Она смотрела, как я приближаюсь и с каждым шагом становлюсь все меньше, так что в конце концов она уже различала с трудом. Она же становилась больше, длиннее стали узкие крылья ее носа, острее скулы, пустее улыбка, не оставлявшая надежды. Еще не поздно было просто–напросто сказать “до свидания”. “Вы расскажете дальше?” Я не знаю, что заставило меня спросить. Я была одна, но неужели в тот миг, единственный за всю нашу с нею жизнь, она не знала того, что уже знала я? Я спросила и снова стала большой, больше нее.
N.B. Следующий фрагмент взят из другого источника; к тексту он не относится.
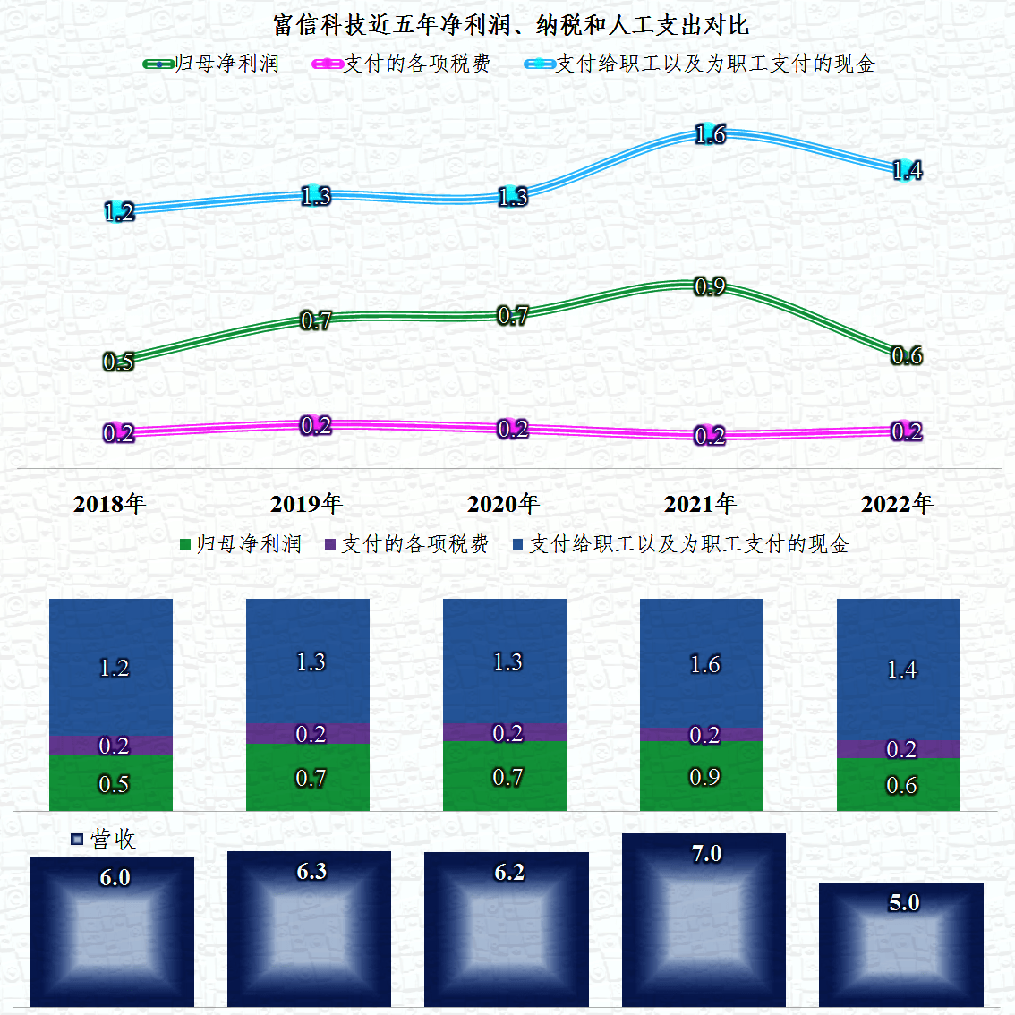 富信科技的表现相当平稳,三条支出线从不相交,距离还比较大。薪酬类支出虽然有波动,但总体上仍然是增长状态;盈利能力相对稳定,总体上也呈增长状态;税收最为平稳,且负担相对较低。只是2022年只有税收稳住了,其他两项都有明显回调。

Она поморщилась, мои слова были для нее чудовищной грубостью, ей пришлось собрать силы, чтобы сдержаться. Я отступила, не вполне осознавая, что случилось, но уже содрогаясь от содеянного, и тогда за моими плечами встали мои детские воспитатели – страх и тоска. Шесть лет, пока я училась всему на свете на свой страх и риск, они не давали о себе знать. Но теперь, ах, как же ловко они выбрали время. Спустились на помощь из моих давних лет, как с неба. Шорох крыльев, поднимавшихся над моей головой, как руки – для защиты, чтобы я поняла, что я люблю ее.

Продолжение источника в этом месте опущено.